Your instructions
Below are some entries; reproduce them exactly and leave every picture out.

________

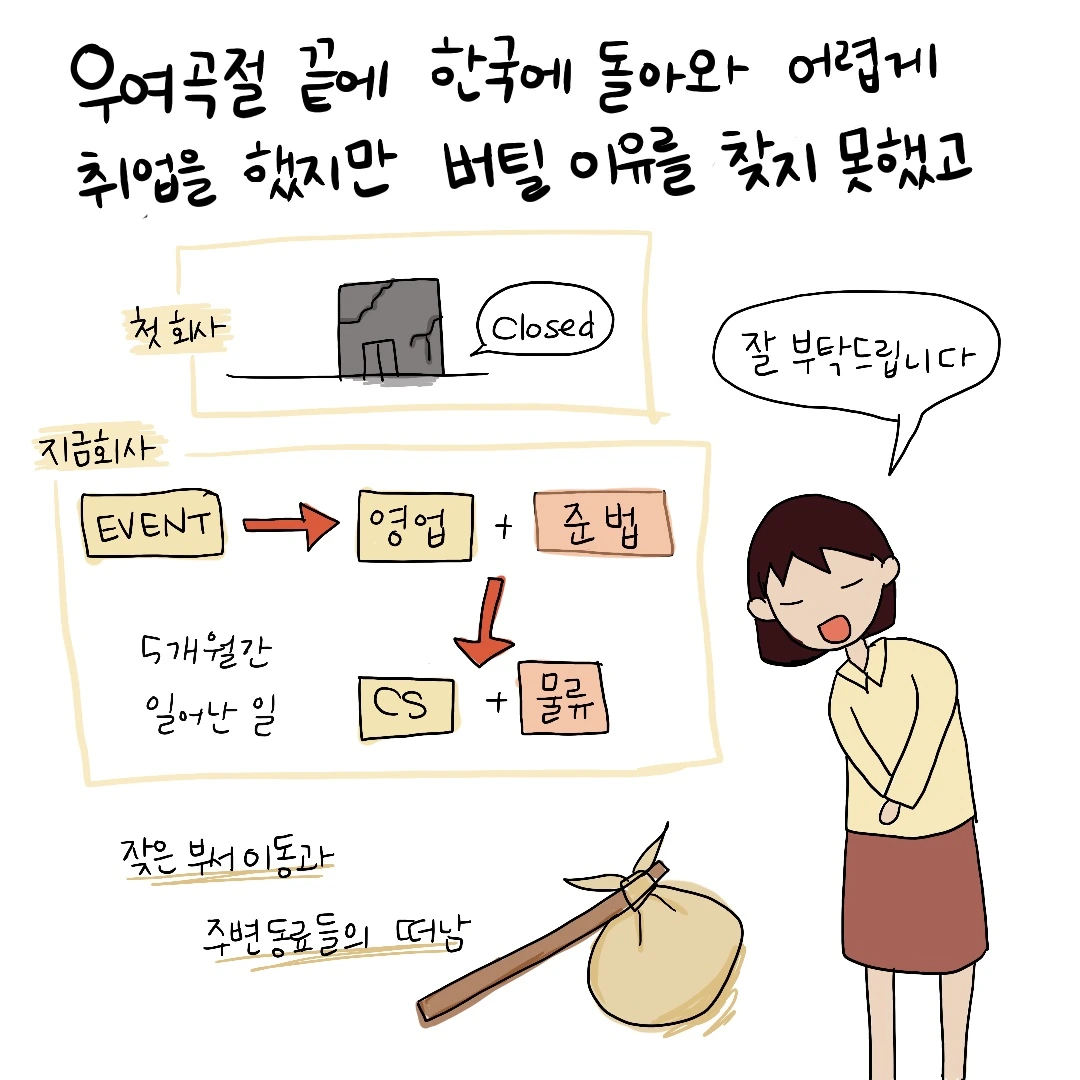 어렵게 마음을 다잡을 때마다 회사는 조직 개편과 해고를 이어갔고 지난 두 달 동안 많은 동료들이 권고사직을 받아 떠났습니다. 갑작스레 떠난 이들의 일까지 맡아 해나가면서 자꾸만 의미와 보람, 동료도 없는 일에 의문을 품게 되는 시간들이었습니다.
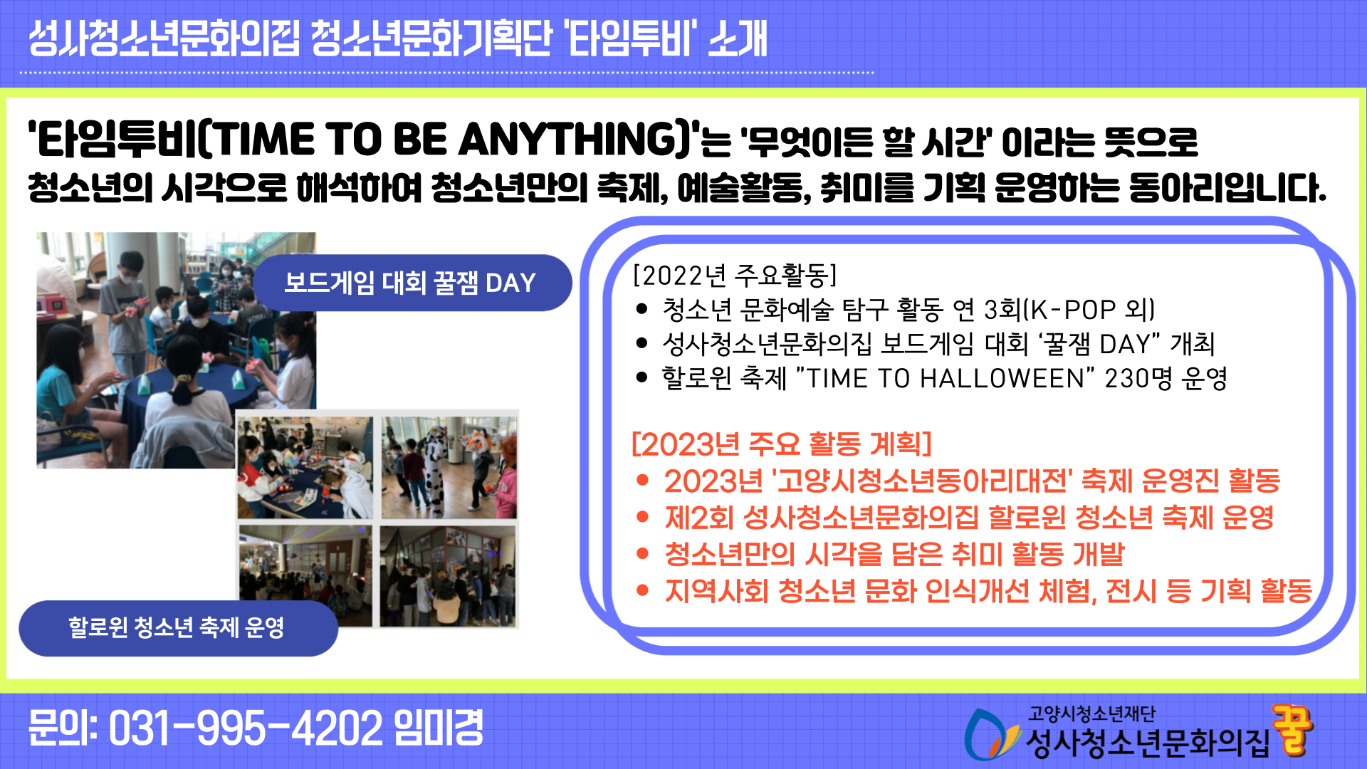 [청소년문화기획단 타임투비 활동 이력 소개] 2021년 성사청소년문화의집 준동아리 등록2021년 코로나19 극복 힐링 버스킹 활동 운영 2022년 K-POP 외 자체 역량강화활동 연3회 2022년 청소년 보드게임 대회 "꿀잼 DAY" 운영 2022년 제1회 타임투비 기획 축제 : 성사청소년문화의집 청소년 할로윈 축제 230명 규모 운영
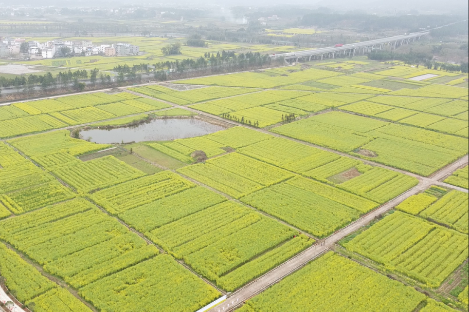 阳春三月,正是油菜花盛开之时,连片的金色油菜花海诉说着春天的浪漫。盛开的油菜花与田园、村庄、交相辉映,形成一幅美丽的山水田园画。
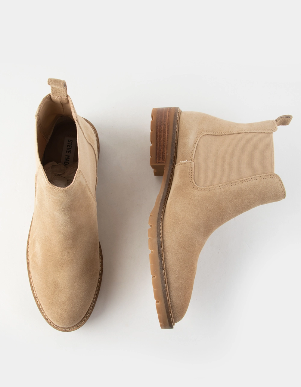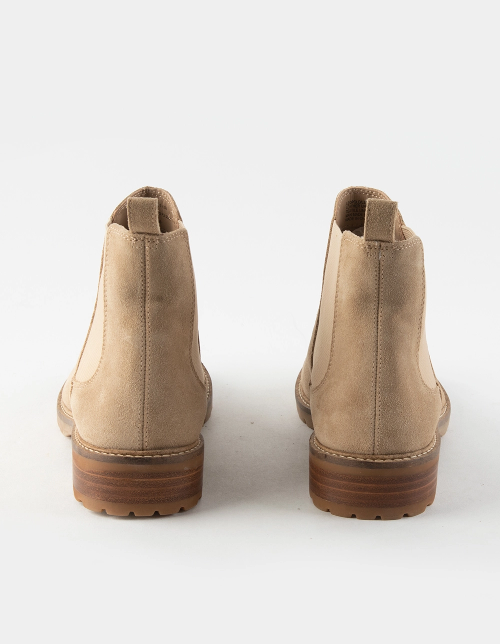 Steve Madden Leopold Boots. Suede upper. Pull-on design. Textured Rubber sole. Elastic gore. Approx. 4.25″ shaft height. Approx. 1.25″ heel height. Imported.
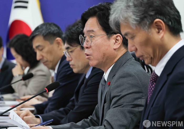 [서울=뉴스핌] 윤창빈 기자 = 김영훈 고용노동부 장관이 26일 서울 여의도 국회 의원회관에서열린 당정 협의회에서 모두발언을 하고 있다. 2025.11.26 pangbin@newspim.com
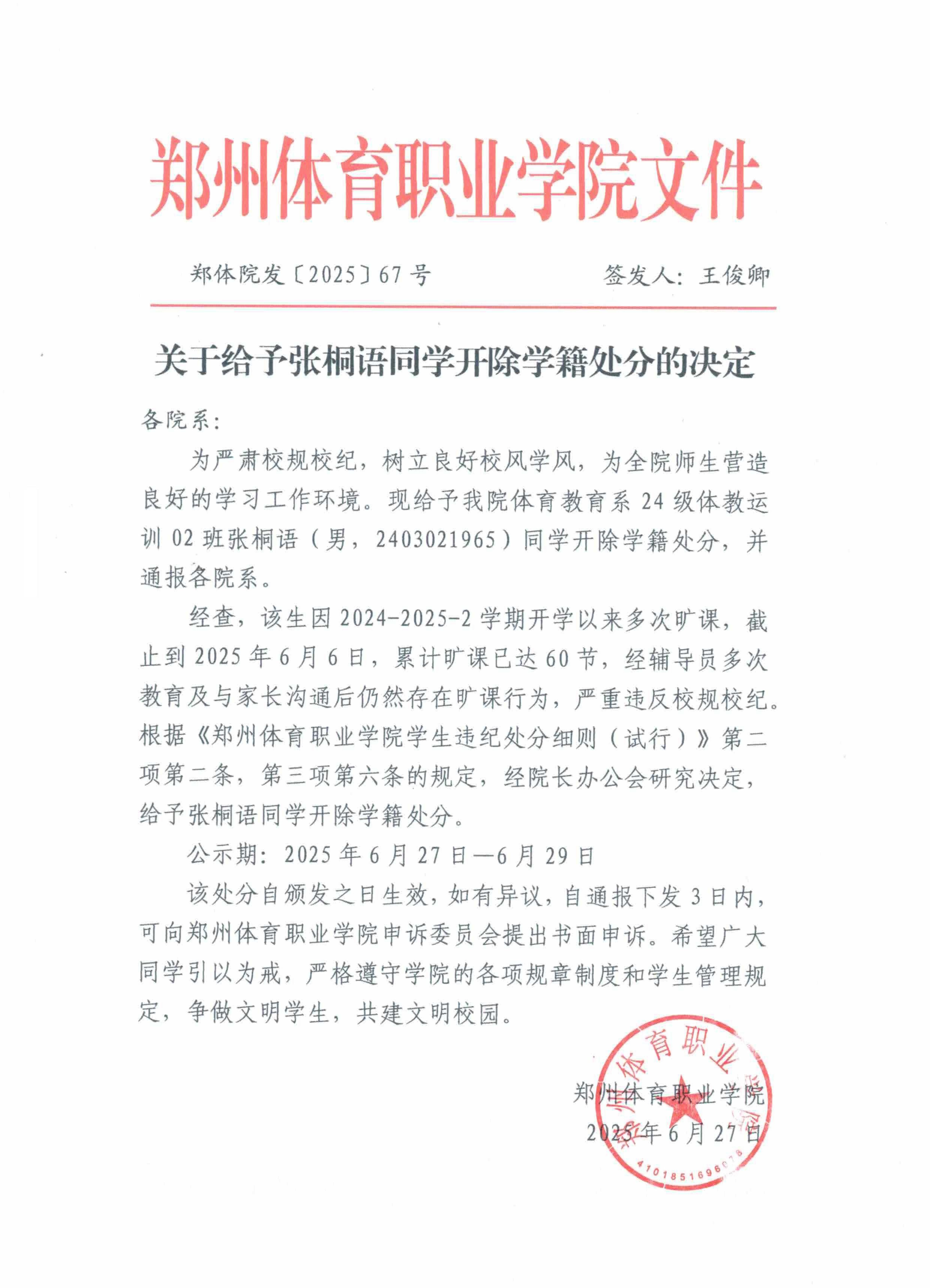上一篇:郑州体育职业学院关于给予张昊炎同学开除学籍处分的决定
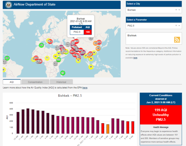 Информация обновляется каждый час. На 9.00 индекс качества воздуха в районе дипломатической миссии — 199 (AQI).
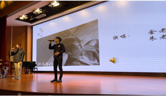 最后的节目同学们最为期待的教师表演,在全场欢呼和掌声中,教师代表朱老师和金禛老师隆重登场,他们带来一首歌曲《给你给我》,歌声交错着神奇、优雅、飘渺的音符,台下观众一起欢呼。
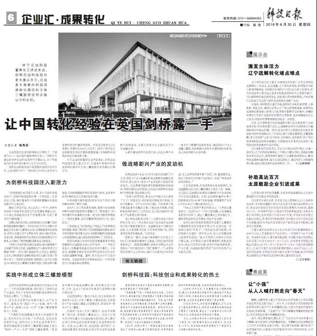 ▲ 2018年8月30日科技日報發(fā)布《讓中國轉(zhuǎn)化經(jīng)驗在英國劍橋露一手》專題報道
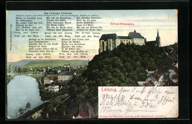 AK Leisnig, Ortsansicht mit Schloss Mildenstein, Das Leisniger Volkslied
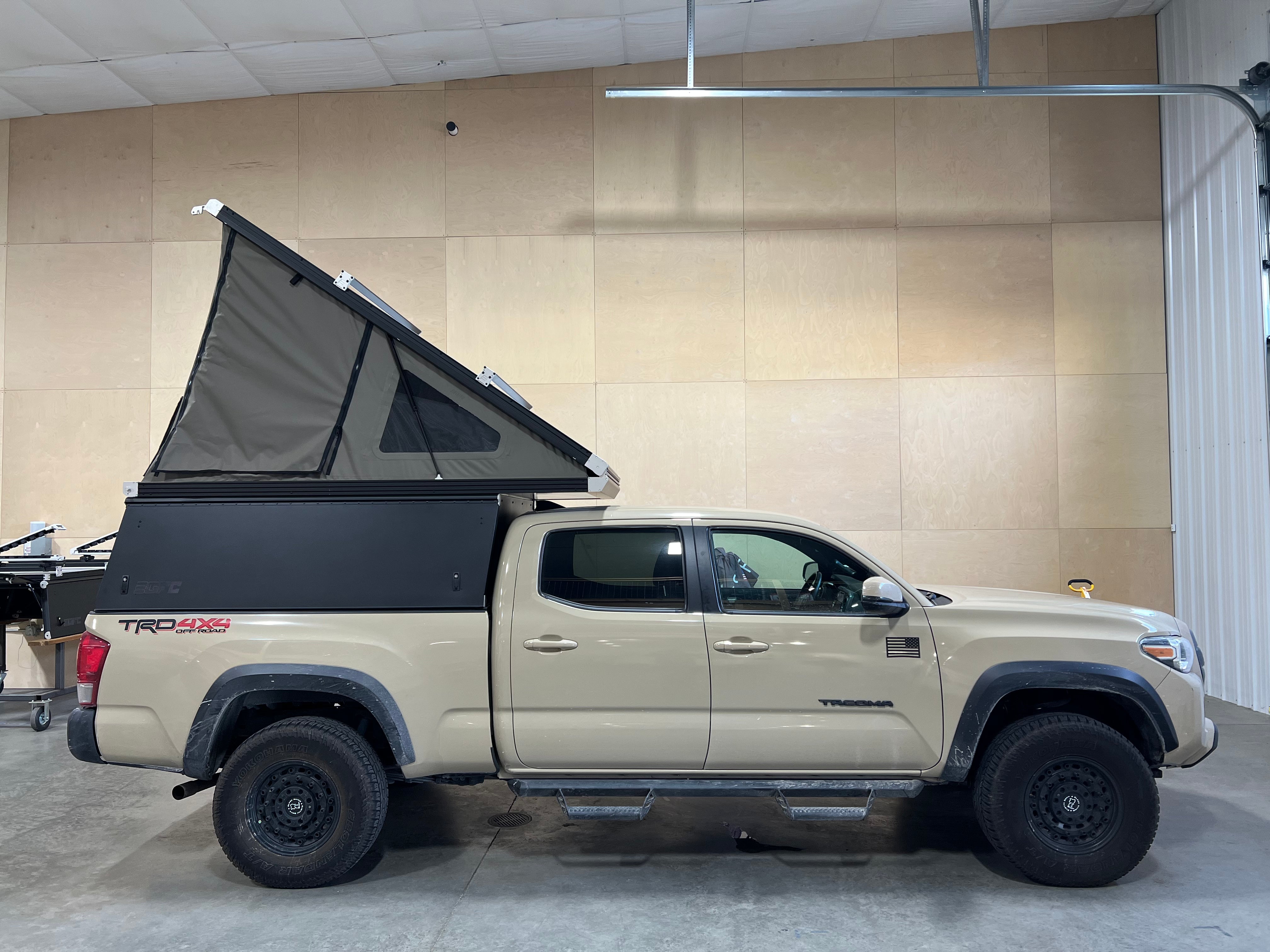 This Toyota Tacoma is outfitted with a GFC Platform Camper with Black panels. Check out more build specs below.
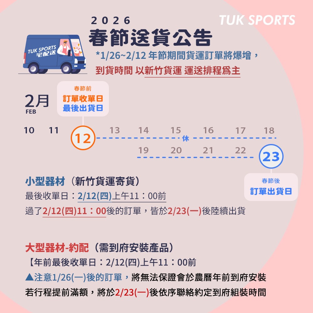 *1/26~2/12 年節期間貨運訂單將爆增,到貨時間以新竹貨運運送排程為主
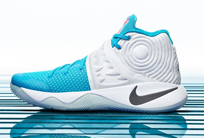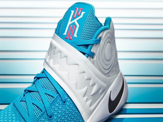 KYRIE 2 圣诞版采用模拟牙齿形状的锯齿形压纹图案,匠心搭配白蓝配色涂层,以非凡品质向喜马拉雅雪人致敬。冰感透明外底烘托出浓郁的节日气氛。
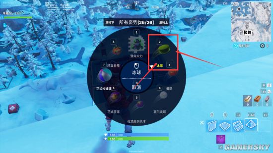 冰球是一个互动性动作,大家在游戏中按B键即可找到(鼠标滑轮可以上下切换)这里三门建议大家在高山(极峰、五指山)或者冰面上去扔,多试几次,很容易完成。
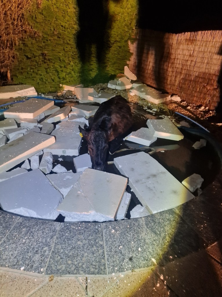 Der Pool wurde durch die Aktion stark beschädigt, aber die Besitzer konnten trotzdem noch darüber lachen. Kleine Hinterlassenschaften zum doch recht kuriosen Geschehen ließ die Kuh im Hof zurück.
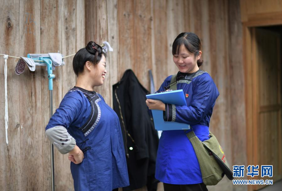 贵州省黔东南苗族侗族自治州榕江县平江镇巴鲁村网格员刘园(右)走访结对帮扶户时,与村民韦福琴核对生产生活情况(2020年11月16日摄)。新华社记者 杨楹 摄
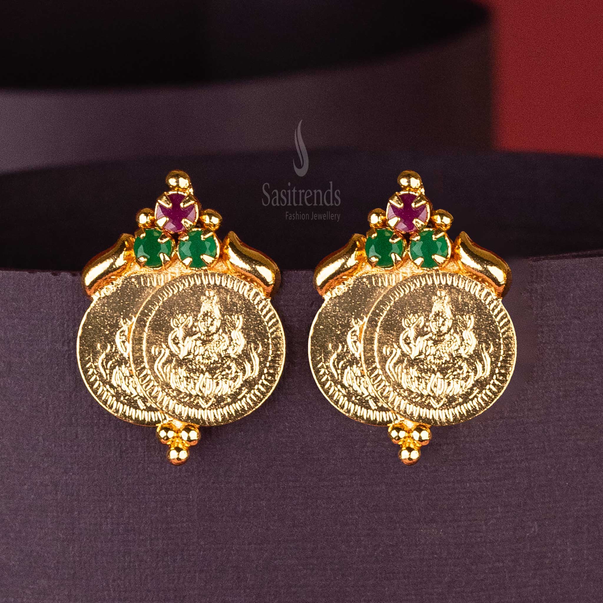 Double Lakshmi Coin Kerala Style Earrings with AD Stones - 24K Micro Gold Plated | Sasitrends
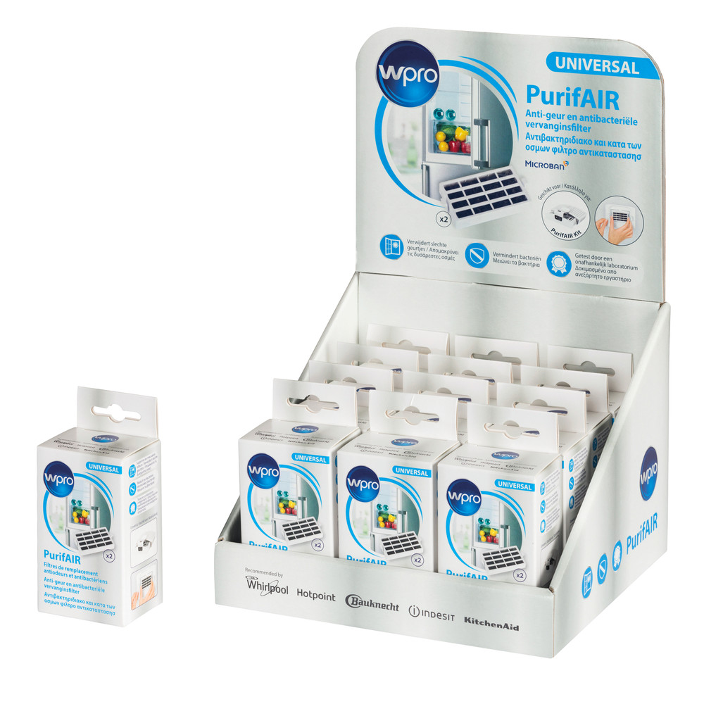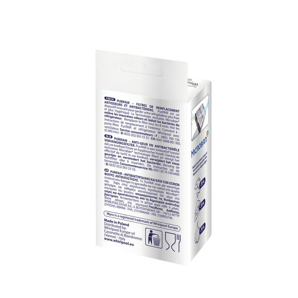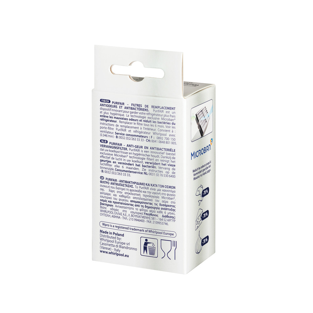 Vervangingskit met 2 antibacteriële Mircroban luchtfilters voor de Purifair houder. Elimineert onaangename geurtjes en houdt de koelkast fris en hygiënisch. De filter dient om de 6 maanden vervangen te worden.
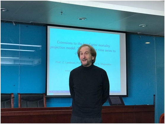 受新葡萄8883官网AMG官网引智项目(教育部学校特色项目《巨灾风险管理与再保险课程体系建设聘请外教特色项目》)支持,以色列海法大学Udi Makov教授于2016年12月11日至12月24日访问了新葡萄官网新葡萄8883官网AMG官网,并于12月22日上午举办了一次关于长寿风险的高水平讲座。Udi Makov教授任以色列海法大学精算研究中心主任,早年从事统计研究,近年来在精算领域建树颇丰,他的论文多次发表在IME、SAJ、ASTIN等专业学术杂志上,是该领域的知名学者。

________

Exercise output
 어렵게 마음을 다잡을 때마다 회사는 조직 개편과 해고를 이어갔고 지난 두 달 동안 많은 동료들이 권고사직을 받아 떠났습니다. 갑작스레 떠난 이들의 일까지 맡아 해나가면서 자꾸만 의미와 보람, 동료도 없는 일에 의문을 품게 되는 시간들이었습니다.
 [청소년문화기획단 타임투비 활동 이력 소개] 2021년 성사청소년문화의집 준동아리 등록2021년 코로나19 극복 힐링 버스킹 활동 운영 2022년 K-POP 외 자체 역량강화활동 연3회 2022년 청소년 보드게임 대회 "꿀잼 DAY" 운영 2022년 제1회 타임투비 기획 축제 : 성사청소년문화의집 청소년 할로윈 축제 230명 규모 운영
 阳春三月,正是油菜花盛开之时,连片的金色油菜花海诉说着春天的浪漫。盛开的油菜花与田园、村庄、交相辉映,形成一幅美丽的山水田园画。
 Steve Madden Leopold Boots. Suede upper. Pull-on design. Textured Rubber sole. Elastic gore. Approx. 4.25″ shaft height. Approx. 1.25″ heel height. Imported.
 [서울=뉴스핌] 윤창빈 기자 = 김영훈 고용노동부 장관이 26일 서울 여의도 국회 의원회관에서열린 당정 협의회에서 모두발언을 하고 있다. 2025.11.26 pangbin@newspim.com
上一篇:郑州体育职业学院关于给予张昊炎同学开除学籍处分的决定
 Информация обновляется каждый час. На 9.00 индекс качества воздуха в районе дипломатической миссии — 199 (AQI).
 最后的节目同学们最为期待的教师表演,在全场欢呼和掌声中,教师代表朱老师和金禛老师隆重登场,他们带来一首歌曲《给你给我》,歌声交错着神奇、优雅、飘渺的音符,台下观众一起欢呼。
 ▲ 2018年8月30日科技日報發(fā)布《讓中國轉(zhuǎn)化經(jīng)驗在英國劍橋露一手》專題報道
 AK Leisnig, Ortsansicht mit Schloss Mildenstein, Das Leisniger Volkslied
 This Toyota Tacoma is outfitted with a GFC Platform Camper with Black panels. Check out more build specs below.
 *1/26~2/12 年節期間貨運訂單將爆增,到貨時間以新竹貨運運送排程為主
 KYRIE 2 圣诞版采用模拟牙齿形状的锯齿形压纹图案,匠心搭配白蓝配色涂层,以非凡品质向喜马拉雅雪人致敬。冰感透明外底烘托出浓郁的节日气氛。
 冰球是一个互动性动作,大家在游戏中按B键即可找到(鼠标滑轮可以上下切换)这里三门建议大家在高山(极峰、五指山)或者冰面上去扔,多试几次,很容易完成。
 Der Pool wurde durch die Aktion stark beschädigt, aber die Besitzer konnten trotzdem noch darüber lachen. Kleine Hinterlassenschaften zum doch recht kuriosen Geschehen ließ die Kuh im Hof zurück.
 贵州省黔东南苗族侗族自治州榕江县平江镇巴鲁村网格员刘园(右)走访结对帮扶户时,与村民韦福琴核对生产生活情况(2020年11月16日摄)。新华社记者 杨楹 摄
 Double Lakshmi Coin Kerala Style Earrings with AD Stones - 24K Micro Gold Plated | Sasitrends
 Vervangingskit met 2 antibacteriële Mircroban luchtfilters voor de Purifair houder. Elimineert onaangename geurtjes en houdt de koelkast fris en hygiënisch. De filter dient om de 6 maanden vervangen te worden.
 受新葡萄8883官网AMG官网引智项目(教育部学校特色项目《巨灾风险管理与再保险课程体系建设聘请外教特色项目》)支持,以色列海法大学Udi Makov教授于2016年12月11日至12月24日访问了新葡萄官网新葡萄8883官网AMG官网,并于12月22日上午举办了一次关于长寿风险的高水平讲座。Udi Makov教授任以色列海法大学精算研究中心主任,早年从事统计研究,近年来在精算领域建树颇丰,他的论文多次发表在IME、SAJ、ASTIN等专业学术杂志上,是该领域的知名学者。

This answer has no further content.